Hagnorj curcol, “Anakku mati setelah menikahimu. Dia tidak cocok tinggal di Meikarta, karena udaranya tidak cocok untuk Orc unyu seperti dia. Makanya kao juga harus mati ....”
Iris meng-spill masa lalu Zlvyra. “Eloh jadi begini gegara si Ucup ninggalin eloh, ‘kan? Ngaku deh loh!”
Xylen mengadu, “Aku jadi begini karena cintrong sama Robert. Akulah Felicita yang dulu dipatahkan hatinya oleh Robert lope-lope ....”
Maksudku ... haruskah semua latar belakang musuh di-spill dengan metode Telling dialog begitu?

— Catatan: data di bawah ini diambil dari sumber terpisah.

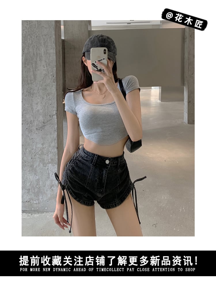 ギャザーショーツ サマースリムハイウェストウェストパンツ 夏物 ブルマー フラワークラフター37814031463

Bola mataku otomatis berputar setiap kali ada musuh yang spill the tea tentang sejarah atau tujuan mereka. Kesannya kayak out of no where aja gitu. Udah mereka spill the tea, ujung-ujungnya mereka sendiri yang bingung dan bertanyea-tanyea kenapa para Ksatria Cahaya tahu kelemahan mereka.
LAH PAN ELU SENDIRI YANG NGASIH TAU, SEMPAK!!! (Nyeruput baygon)
Sumpah ya, adegan-adegan Telling dan dialog awikwok seperti itu yang membuat style RPG di novel ini (juga secara keseluruhan) terasa aneh di mataku. Aku menikmati narasi-narasi pertarungan di setiap wilayah, tapi kalau sudah ada dialog yang lebih mirip ibu-ibu ngerumpi, rasanya aku sudah tidak sanggup lagi!
TJUKUP NGERUMPINYA! MULAI BERTARUNG!
Fajar Hitam juga menyajikan misteri tak disangka tak diduga yang sebenarnya bikin kepalaku pening, tapi aku berusaha ikut saja supaya semua masuk akal. Seperti mayat Alexis yang ternyata palsu, juga berarti kematian palsu. Vordac sebenarnya hanya umpan dari entitas yang jauh lebih dahsyat alias Dewi Akhir Zaman, meskipun entitas maha dahsyat tersebut dikalahkan dalam beberapa halaman sahaja.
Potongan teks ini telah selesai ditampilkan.